During the production of EPDM gaskets, dimethyl silicone oil causes a 37% reduction in demolding force compared to conventional release agents. This is due to its low surface tension (about 21 mN/m or less) and the almost complete elimination of “stickies” (friction, drag, and adhesion) between the cured rubber and the mold. As a result, fragile gasket features are preserved and any microscopic ejection tears disappear. This can bring about a number of operational benefits, including shorter cycle times, less hand scraping, and a reduction in mold cleaning downtime. For high volume elastomer production lines, the accumulated benefits are substantial.

  FAQ

What is dimethyl silicone oil used for?

For mold release and lubrication. Its low surface tension and chemical inertness  to polymer chains make it virtually demolding complex shapes and no residues.

What is the behavior of dimethyl silicone oil at high temperatures?

Dimethyl silicone oil is able to provide lubrication for more than 200°C because ASTM D92 testing shows it does not volatilize up to 200°C.

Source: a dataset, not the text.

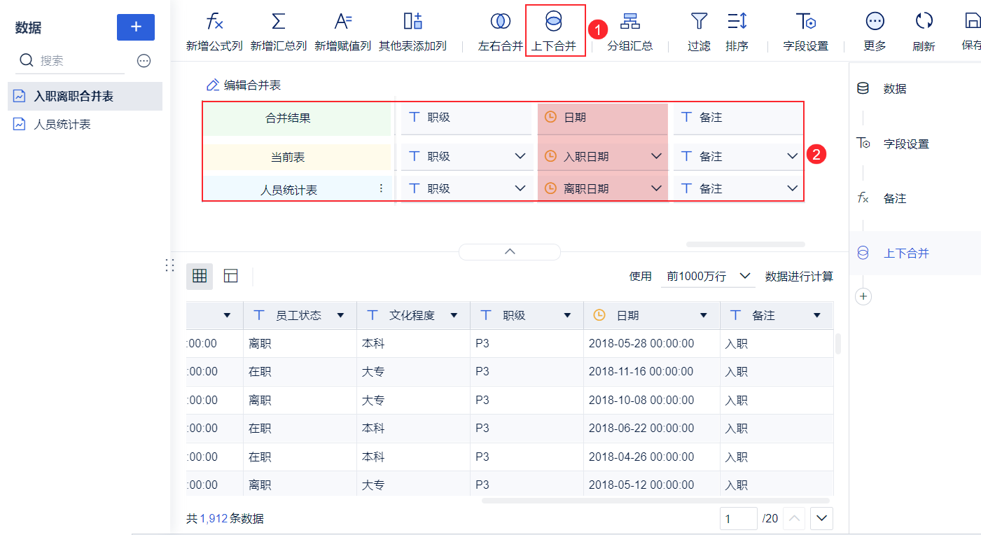 4)与「离职信息表」进行上下合并,将入职日期与离职如期合并到一列中,并将合并结果改为「日期」。如下图所示: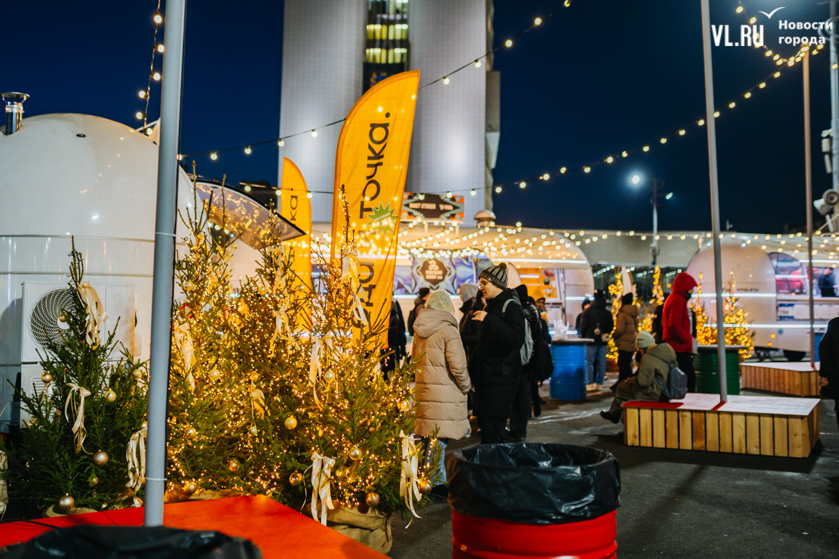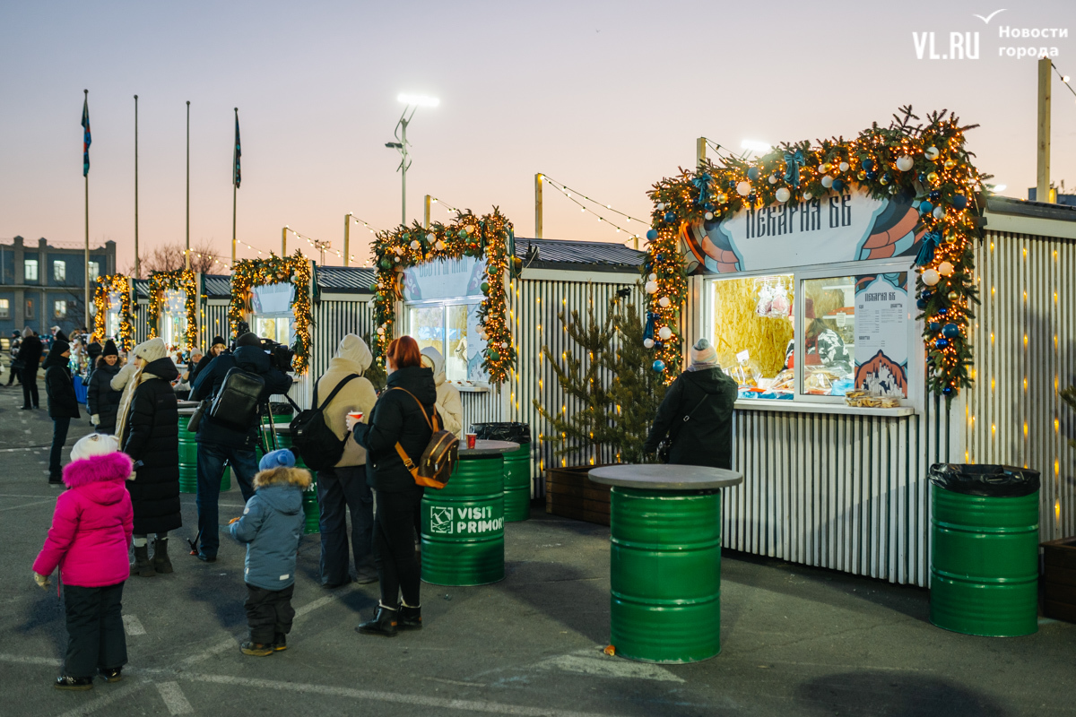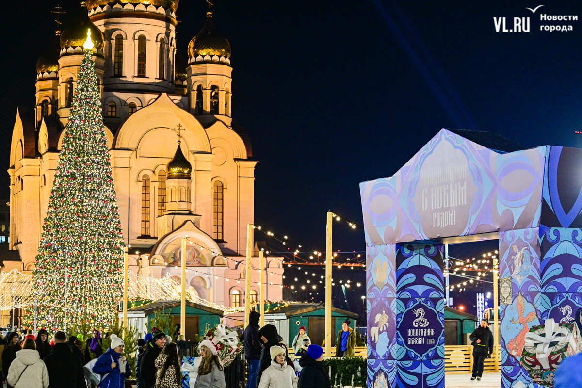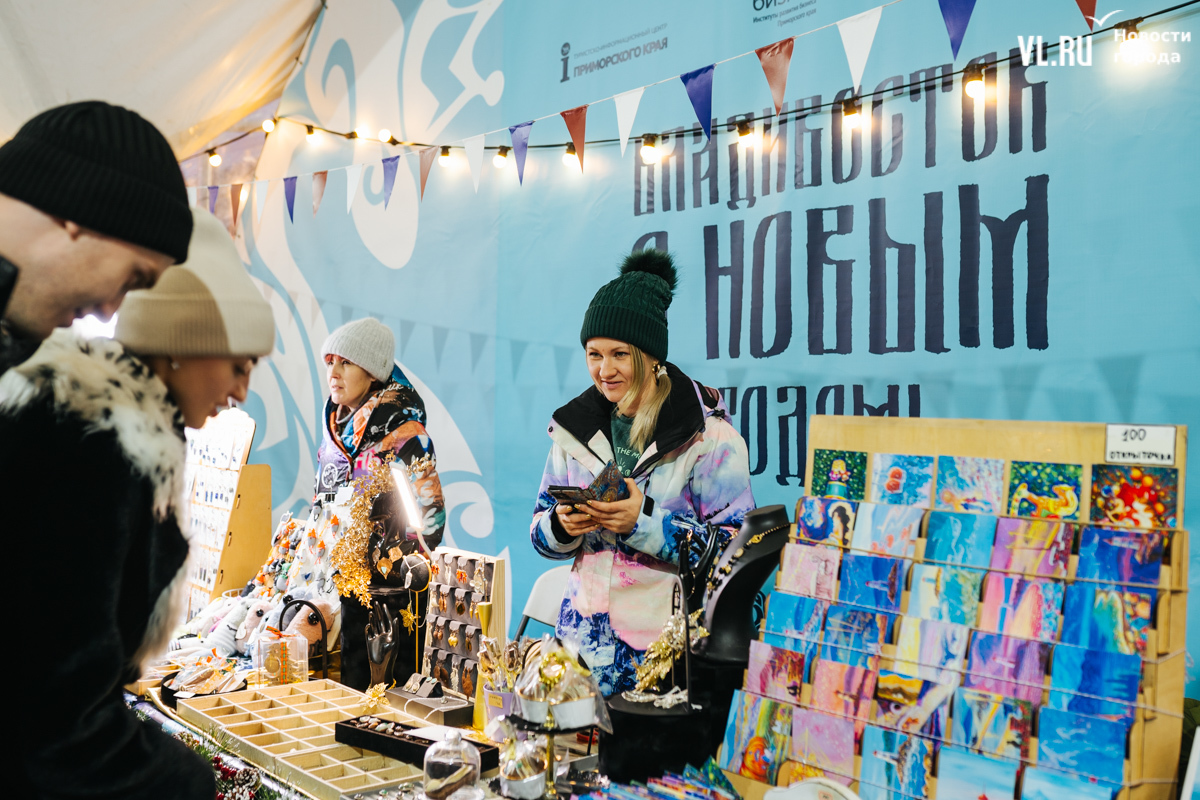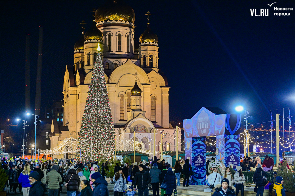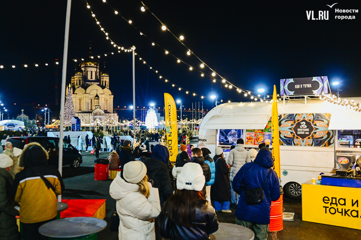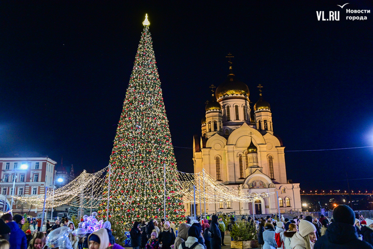 Меньше чем за неделю до Нового года, посреди рабочей недели, на центральной площади Владивостока открылся новогодний городок с катком и горками и прошёл концерт для горожан. Получился небольшой праздник, который скрасила необычно тёплая погода. Зажглись огни на ёлке, по площади ходили аниматоры, со сцены артисты пели новогодние песни. В финале праздничного открытия выступила группа «Интонация».

What is the importance of viscosity tunability of Dimethyl Silicon Oil?

Tunable viscosity enables the dimethyl silicone oil to be effective in the several methods of application including spray, dip, roll-coating, and direct dispensing.

Is dimethyl silicone oil able to undergo oxidative stress?

Yes, the structure does not undergo significant changes when oxidized and reduces the viscosity changes to almost 80% when compared to mineral oils, thus improving the service life of the system in continuous lubrication.